Under the current legal hunting rate scientists predict that the world’s largest bat, the aptly-named large flying fox or Pteropus vampyrus, faces extinction in six to 81 years. Increasing the urgency to save the large flying fox is the vital role it plays as an ecosystem engineer (a species whose behavior can shape an ecosystem); the species maintains Southeast Asian forests by dispersing a wide variety of seeds over distances farther than most birds and other mammals.
To discover if current hunting is sustainable, Dr. Johnathan Epstein, a veterinary epidemiologist with the Wildlife Trust, and his team surveyed bat populations on Peninsular Malaysia from 2003 and 2007 and compared their findings with the number of hunting licenses issued by the Malaysian Department of Wildlife and National Parks.
Threatened by unsustainable hunting the large flying fox is the world’s largest bat by wingspan. It also plays an important role as a seed disperser.
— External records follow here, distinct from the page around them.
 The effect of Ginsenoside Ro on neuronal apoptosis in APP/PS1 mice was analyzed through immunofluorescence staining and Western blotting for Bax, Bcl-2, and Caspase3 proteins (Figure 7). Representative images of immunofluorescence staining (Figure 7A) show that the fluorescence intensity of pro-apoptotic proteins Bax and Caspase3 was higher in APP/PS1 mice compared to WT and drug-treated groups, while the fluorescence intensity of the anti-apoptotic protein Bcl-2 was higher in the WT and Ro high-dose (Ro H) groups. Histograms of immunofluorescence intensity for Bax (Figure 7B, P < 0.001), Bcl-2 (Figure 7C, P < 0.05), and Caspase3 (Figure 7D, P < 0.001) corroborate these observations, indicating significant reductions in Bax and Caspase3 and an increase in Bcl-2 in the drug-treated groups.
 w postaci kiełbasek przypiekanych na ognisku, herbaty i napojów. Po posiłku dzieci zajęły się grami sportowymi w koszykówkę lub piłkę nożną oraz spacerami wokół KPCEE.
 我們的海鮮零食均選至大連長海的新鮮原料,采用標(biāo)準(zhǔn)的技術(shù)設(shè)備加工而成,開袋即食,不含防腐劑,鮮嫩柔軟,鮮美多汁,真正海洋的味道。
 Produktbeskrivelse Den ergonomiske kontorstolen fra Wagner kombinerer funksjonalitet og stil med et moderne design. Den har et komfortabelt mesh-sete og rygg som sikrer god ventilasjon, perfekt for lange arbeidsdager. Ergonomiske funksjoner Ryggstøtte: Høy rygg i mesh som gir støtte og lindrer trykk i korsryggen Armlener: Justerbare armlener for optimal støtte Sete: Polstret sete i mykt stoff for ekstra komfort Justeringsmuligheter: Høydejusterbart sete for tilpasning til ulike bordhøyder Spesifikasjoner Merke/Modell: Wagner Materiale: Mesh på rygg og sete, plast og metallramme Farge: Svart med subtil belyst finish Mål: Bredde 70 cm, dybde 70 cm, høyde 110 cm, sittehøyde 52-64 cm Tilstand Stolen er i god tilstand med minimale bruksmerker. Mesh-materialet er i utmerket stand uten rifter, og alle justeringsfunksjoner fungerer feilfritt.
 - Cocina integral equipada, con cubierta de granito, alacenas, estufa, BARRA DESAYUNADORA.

Photo by: Jonathan Epstein.
Their results published in the Journal of Applied Ecology found that currently 22,000 bats are hunted legally in Malaysia every year, an amount the scientists said was wholly unsustainable even under the researcher’s most optimistic population estimate of half a million individuals worldwide. Using computer modeling, the scientists predicted that if current hunting practices are not changed the bat would go extinct in six to 81 years. They hasten to add that this projection doesn’t even take into account the number of bats that are hunted illegally and the amount killed as pests by farmers every year.
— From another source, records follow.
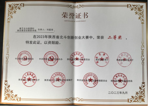 近日,2023年陕西省北斗创新创业大赛比赛结果揭晓,Beat365中文官方网站教师刘星亮的《基于北斗的茶叶病虫害定位联防系统》荣获本次大赛二等奖,学生李冠辰的《基于北斗定位的导盲小车控制系统》荣获本次大赛最具创意奖。
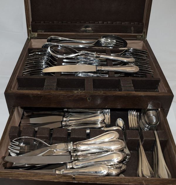 in metallo argentato e manici in resina entro astuccio
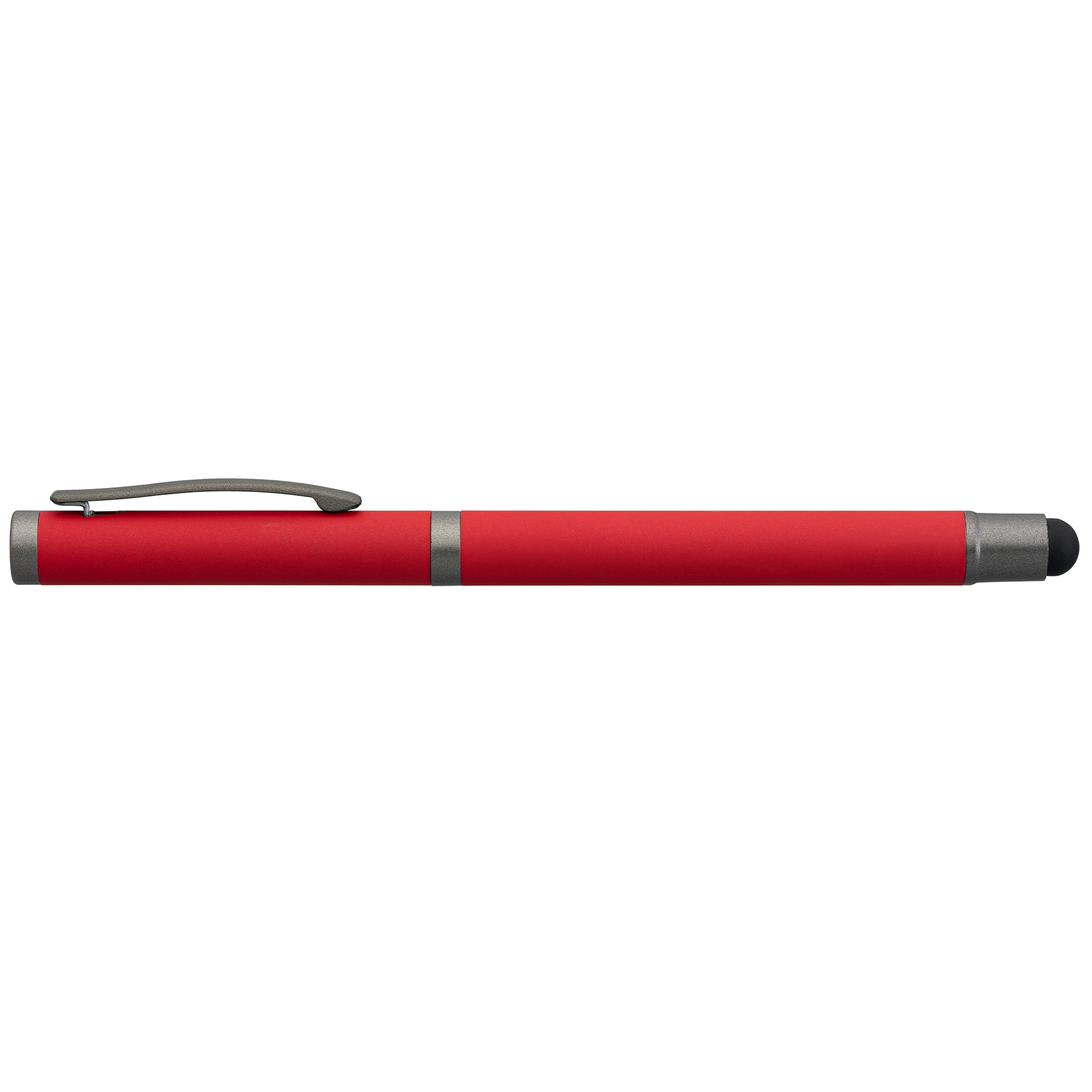 Experience the perfect fusion of modern sophistication with the Bowie Recycled Aluminum Stylus Gel Pen. Crafted with a recycled aluminum barrel featuring a unique shiny gunmetal finish and a soft-touch rubberized coating, this capped pen offers an exceptional grip and a striking gunmetal mirror imprint effect. The thoughtful design includes recycled plastic (rABS) ends, sleek matte gunmetal trim, and a durable steel clip with a matching matte gunmetal finish. Navigate your digital world effortlessly with the integrated black rubber stylus. Inside, a smooth 0.7mm gel refill delivers a consistently fluid writing experience. A subtle recycled symbol is elegantly engraved opposite the clip on the cap.
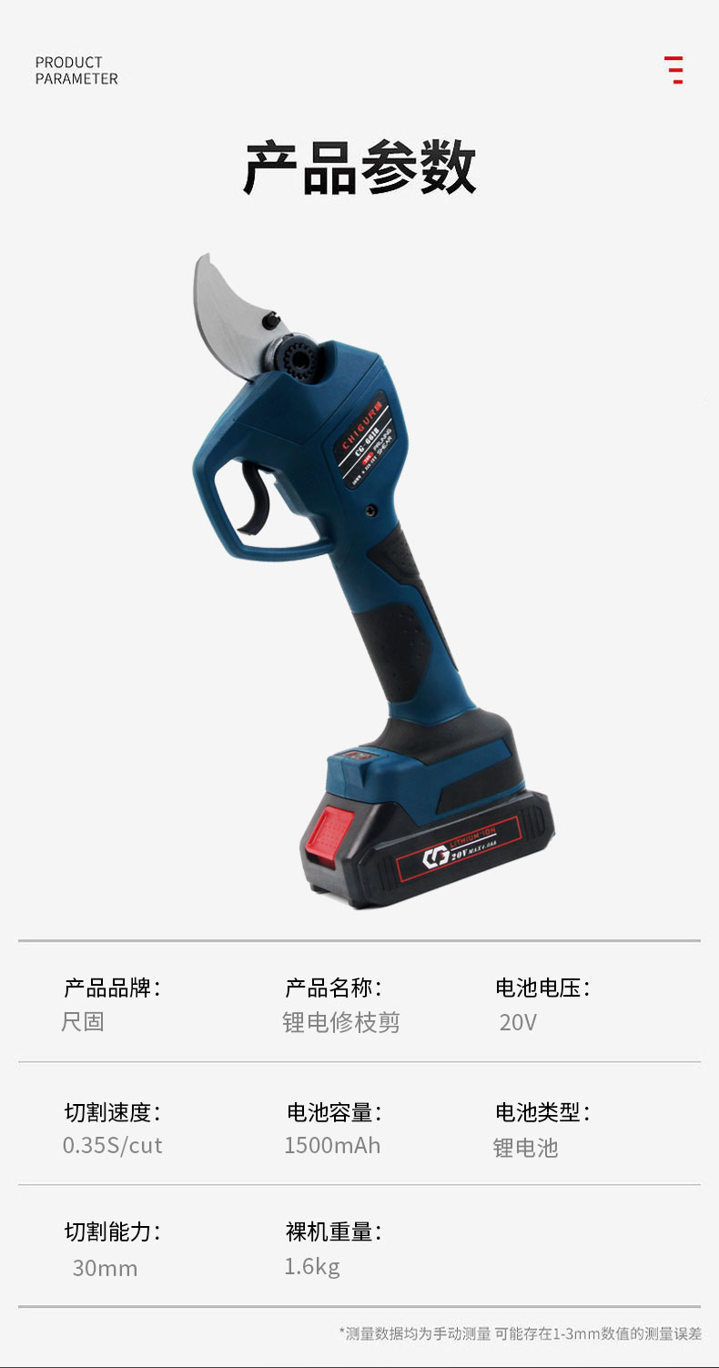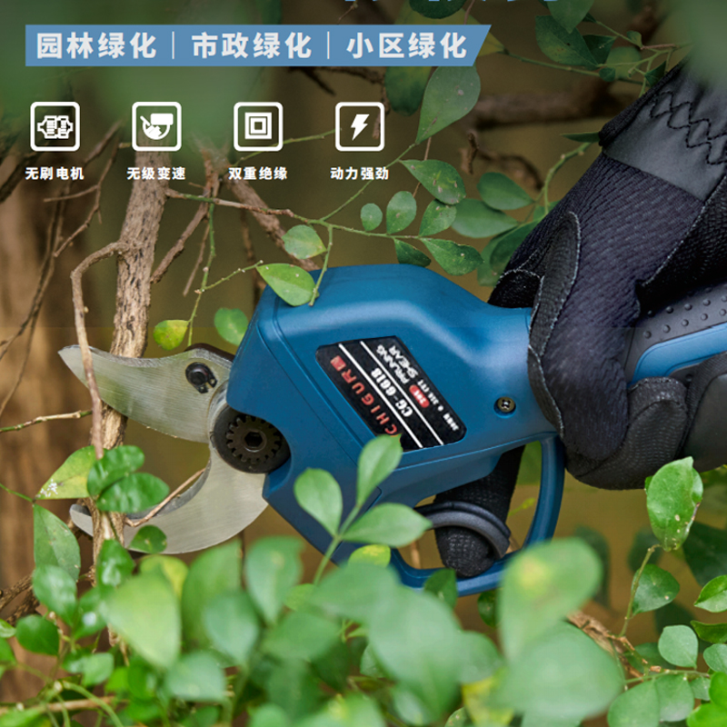 尺固 CG-6618 ⽆刷锂电修枝剪 园林修枝粗枝电剪刀 2.0Ah两电一充

“Our models suggest that hunting activity over the period between 2002 and 2005 in Peninsular Malaysia is not sustainable, and that local populations of Pteropus vampyrus are vulnerable to extinction,” Epstein said. In fact, due to this hunting pressure and habitat loss, the International Union for the Conservation of Nature (IUCN) upgraded the large flying fox’s status from Least Concern to Near Threatened in 2008.
In addition to surveying populations, Epstein and his team attached satellite transmitters to seven individual bats to see where the animals were moving and how far. They found that the greater flying fox could travel up to 60 kilometers (nearly 40 miles) in one night searching for food before returning to its roost, but when changing roosts the bat can fly hundreds of kilometers, crossing international boundaries, which may complicate conservation initiatives.
“Now that we know that these bats migrate between Malaysia, Thailand and Indonesia, coordinated assessments of their status throughout their range will be important for developing effective management strategies. Any additional hunting pressure on this species that occurs in Thailand or Indonesia may hasten the population’s decline,” Epstein said.
Currently, there is no unified program between the countries. The bats are heavily hunted in both Peninsular Malaysia and Indonesia, while it is illegal to hunt them in Malaysian Borneo and Thailand.
To save the species, Epstein and his colleagues recommend a temporary ban on hunting in the region to allow the greater flying fox time to recover current population loss. In light of Epstein’s study the Department of National Parks and Wildlife in Malaysia is currently reviewing their hunting policy.
The large flying fox has a wingspan reaching six feet (nearly two meters). It is hunted for food, medicine, and sport. Although hunting is not the only threat to the large flying fox’s future, the species is also losing habitat across its range due to rampant deforestation.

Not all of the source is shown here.